Input material section start
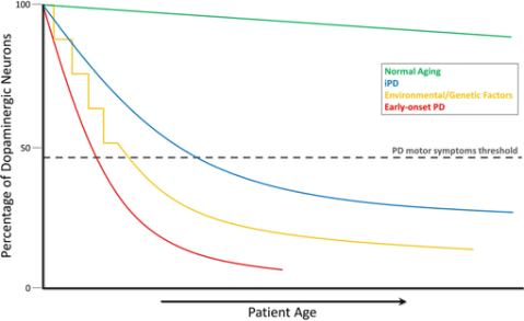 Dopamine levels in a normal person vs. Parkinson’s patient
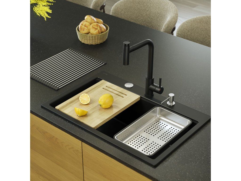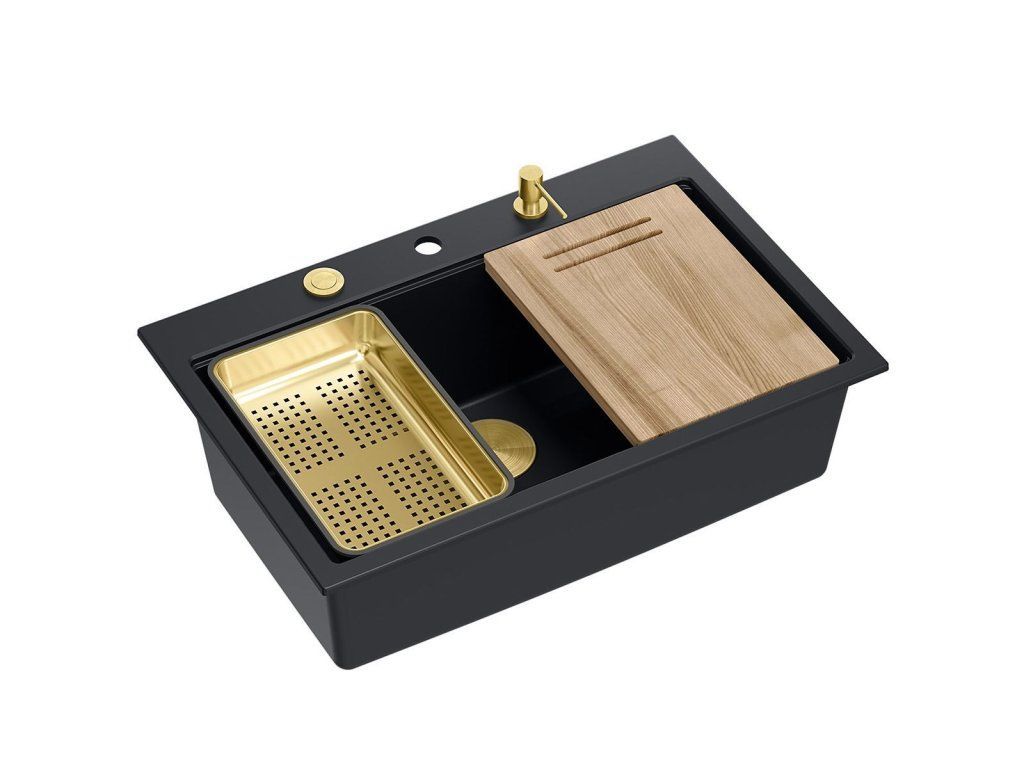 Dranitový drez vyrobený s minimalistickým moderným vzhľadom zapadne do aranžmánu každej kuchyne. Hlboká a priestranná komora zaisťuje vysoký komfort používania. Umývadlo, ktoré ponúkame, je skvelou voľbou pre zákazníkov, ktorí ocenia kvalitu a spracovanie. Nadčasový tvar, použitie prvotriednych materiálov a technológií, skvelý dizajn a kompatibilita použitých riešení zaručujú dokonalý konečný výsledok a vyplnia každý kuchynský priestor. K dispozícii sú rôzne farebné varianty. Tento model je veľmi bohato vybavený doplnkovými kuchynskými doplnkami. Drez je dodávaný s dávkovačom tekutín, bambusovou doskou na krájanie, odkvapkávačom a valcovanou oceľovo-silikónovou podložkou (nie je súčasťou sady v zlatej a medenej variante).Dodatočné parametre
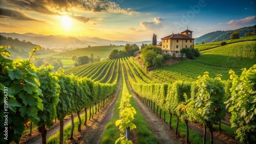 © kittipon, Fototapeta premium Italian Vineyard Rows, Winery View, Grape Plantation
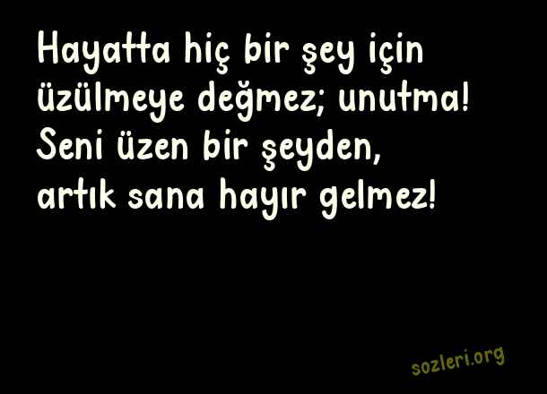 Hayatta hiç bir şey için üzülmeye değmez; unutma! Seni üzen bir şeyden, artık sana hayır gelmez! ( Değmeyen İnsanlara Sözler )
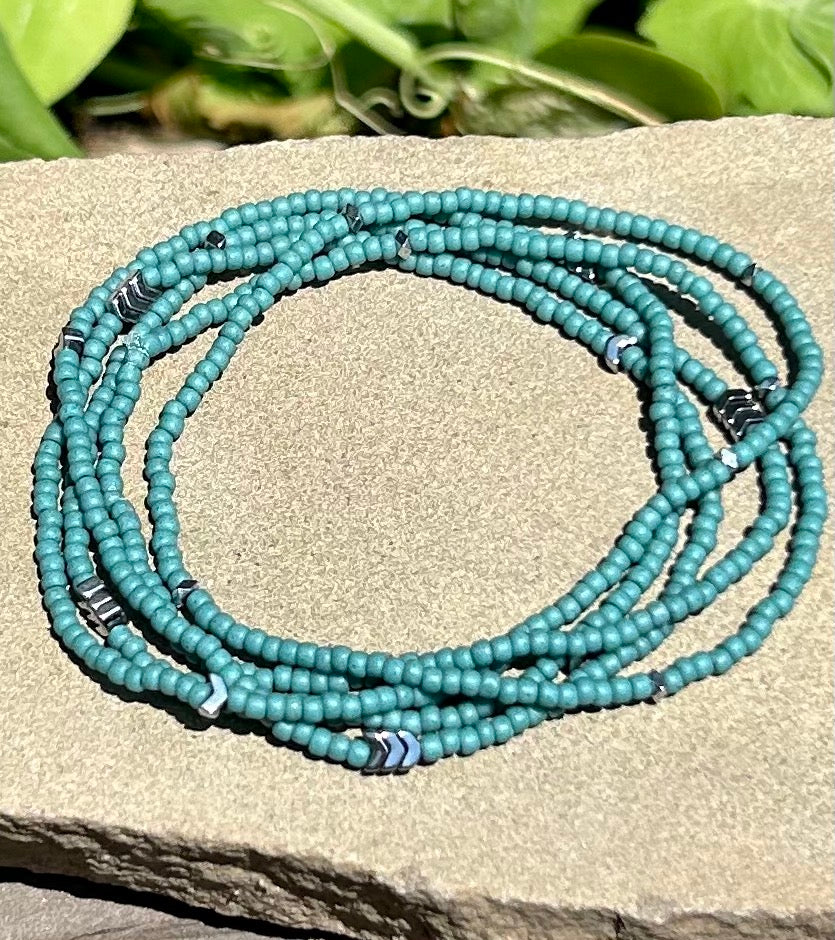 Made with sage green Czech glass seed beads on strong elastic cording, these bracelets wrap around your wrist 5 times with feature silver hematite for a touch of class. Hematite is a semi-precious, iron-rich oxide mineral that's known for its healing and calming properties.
Input material section end
Problem details: Leave the pictures out, and reproduce only the lines from the line holding "Hayatta hiç bir" through the last line of the material, both included.

Exercise solution:
 Hayatta hiç bir şey için üzülmeye değmez; unutma! Seni üzen bir şeyden, artık sana hayır gelmez! ( Değmeyen İnsanlara Sözler )
 Made with sage green Czech glass seed beads on strong elastic cording, these bracelets wrap around your wrist 5 times with feature silver hematite for a touch of class. Hematite is a semi-precious, iron-rich oxide mineral that's known for its healing and calming properties.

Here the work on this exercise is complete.